We all joke (here’s where I make the connection), “here’s the true story of eight strangers…picked as FINIP fellows to live in Jakarta...work and learn together and to find out what happens... when people start getting real...The Real World Jakarta.” Seriously though, I have a real life here. Wake up at 6:45am, class from 8:00-10:00am work until 4:00pm or 5:00pm, gym, dinner plus whatever time is spent in traffic. I am very happy to have been given this experience to really learn what it is like to truly live and function in another country and not just be a tourist or a student. But I can’t help but wonder, as I think about the real world, what other aspects of my life here in Indonesia represent the “real world”.

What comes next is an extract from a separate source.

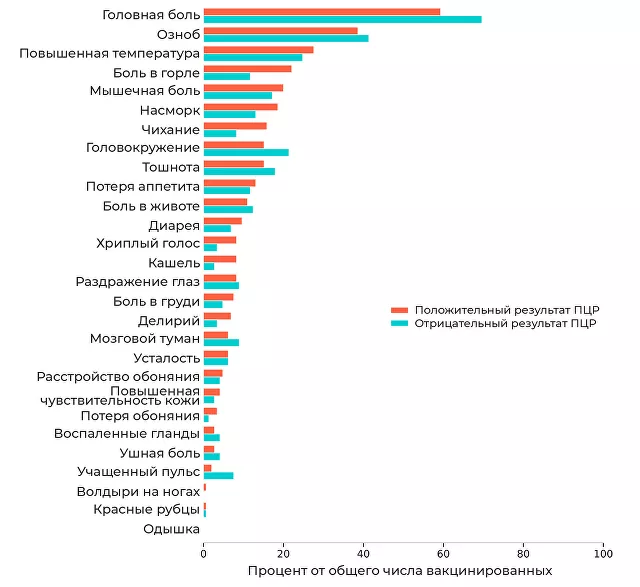 На диаграмме показаны наиболее частые симптомы в первую неделю после вакцинации. Красным показаны те, у кого при тестировании обнаружили коронавирус, синим — у кого тест дал отрицательный результат. В большинстве случаев симптомы в обеих группах очень похожи — невозможно определить, является ли человек COVID-положительным или страдает от побочных эффектов вакцины

Here I am exposed to so much in my day-to-day life. I see extreme poverty and I see extreme wealth. I see the shanty shops and houses and the mega-shopping malls and luxurious hotels. I see pollution and I see what development can do to the environment. More than anything else, however, I see the rift between the developing world and the developed world: the majority versus the minority. Here we experience random black outs where the government decides that for a certain amount of time one section of the city will not have electricity. In some places they don’t have electricity during the day, only at night and still yet, some people don’t have electricity at all. The people of the slums bathe in the rivers and streams – strengthening the realness of environmental issues here.

I have started to think a lot about the environment, my chosen area of study and what I want to spend the rest of my life working with. Unlike in America where we worry ourselves with oil, natural gases, alternative energy sources, and greenhouse gas emissions, here in Jakarta their environmental state is visibly in a very critical condition. I saw a map a few weeks ago showing the amount of forest covering the island of Java, where I am living. In the past fifty years the island has gone from being almost entirely green to being sporadically dotted and consumed by development. The sewage system runs parallel to the streets and is clogged with garbage; the rivers and streams are stagnant and covered with a film of rubbish and trash. When people clean their shops at night they sweep everything into the streets – the ocean is their dumping ground. We worry about composting and recycling, they don’t. We worry about having twenty different kinds of cereal to choose from, they think about feeding their families. We complain about a minimum wage of $7.50, they could change their lives with that much money.

In my “real life” here in Jakarta I am finding more and more that I am far from real in this very real world. There is a disconnect between me and my surroundings. I cannot fully say that I have stepped out of my protected bubble that the Western world has provided me; rather, the majority world has broken through and opened my eyes yet has not accepted me - I am different and will always be different. Even though I feel a separation from the nation I reside, I couldn’t be more thankful to Indonesia for helping me realize what the real world even is.